YOUR TASK
Please output the listing below character for character and omit the images.

DATASET CONTENT
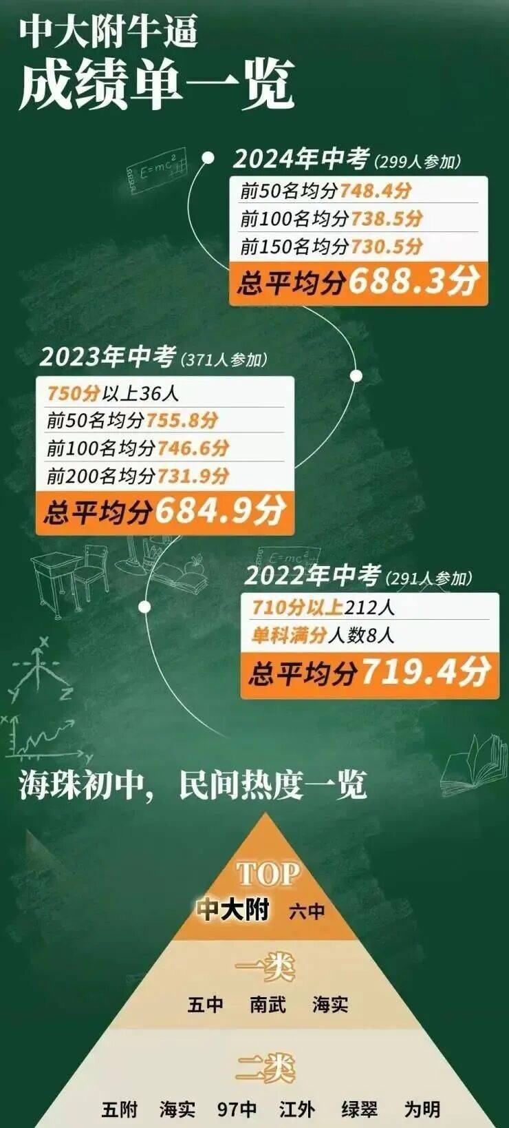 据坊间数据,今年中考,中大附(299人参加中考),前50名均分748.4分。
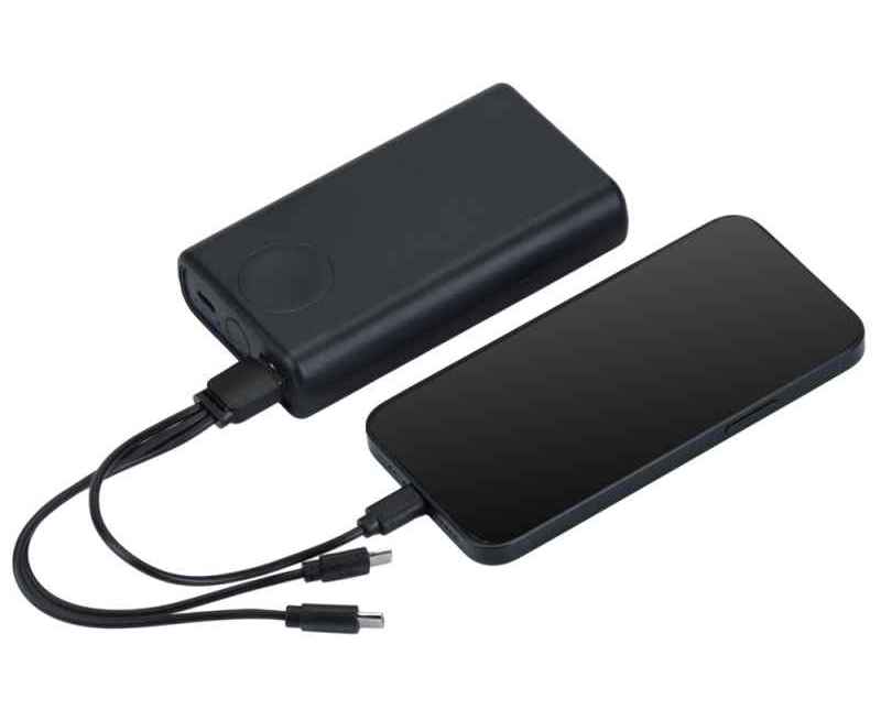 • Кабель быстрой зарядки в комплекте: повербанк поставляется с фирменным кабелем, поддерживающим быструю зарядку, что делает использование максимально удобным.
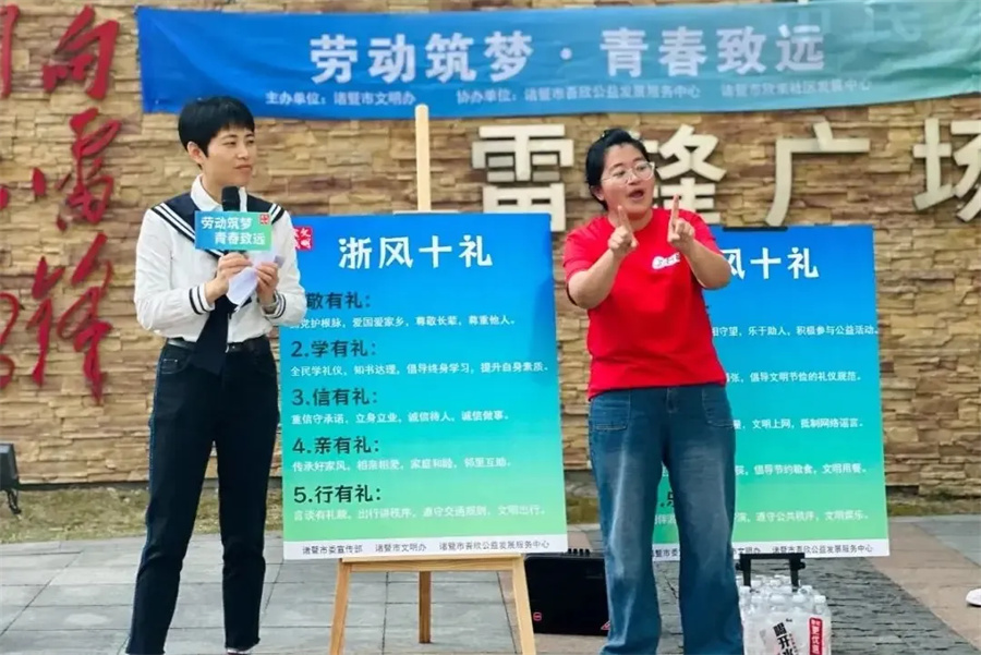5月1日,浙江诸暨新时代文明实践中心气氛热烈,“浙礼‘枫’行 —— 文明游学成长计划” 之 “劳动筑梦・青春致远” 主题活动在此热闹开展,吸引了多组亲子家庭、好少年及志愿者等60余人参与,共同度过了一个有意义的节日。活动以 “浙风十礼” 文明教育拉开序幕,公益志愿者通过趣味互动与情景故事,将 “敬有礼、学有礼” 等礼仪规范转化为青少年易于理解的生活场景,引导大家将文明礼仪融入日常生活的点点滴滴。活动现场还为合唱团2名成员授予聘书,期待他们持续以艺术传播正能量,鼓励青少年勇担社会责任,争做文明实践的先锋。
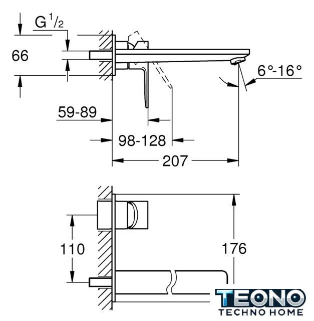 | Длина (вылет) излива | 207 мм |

EXERCISE RESPONSE
 据坊间数据,今年中考,中大附(299人参加中考),前50名均分748.4分。
 • Кабель быстрой зарядки в комплекте: повербанк поставляется с фирменным кабелем, поддерживающим быструю зарядку, что делает использование максимально удобным.
5月1日,浙江诸暨新时代文明实践中心气氛热烈,“浙礼‘枫’行 —— 文明游学成长计划” 之 “劳动筑梦・青春致远” 主题活动在此热闹开展,吸引了多组亲子家庭、好少年及志愿者等60余人参与,共同度过了一个有意义的节日。活动以 “浙风十礼” 文明教育拉开序幕,公益志愿者通过趣味互动与情景故事,将 “敬有礼、学有礼” 等礼仪规范转化为青少年易于理解的生活场景,引导大家将文明礼仪融入日常生活的点点滴滴。活动现场还为合唱团2名成员授予聘书,期待他们持续以艺术传播正能量,鼓励青少年勇担社会责任,争做文明实践的先锋。
 | Длина (вылет) излива | 207 мм |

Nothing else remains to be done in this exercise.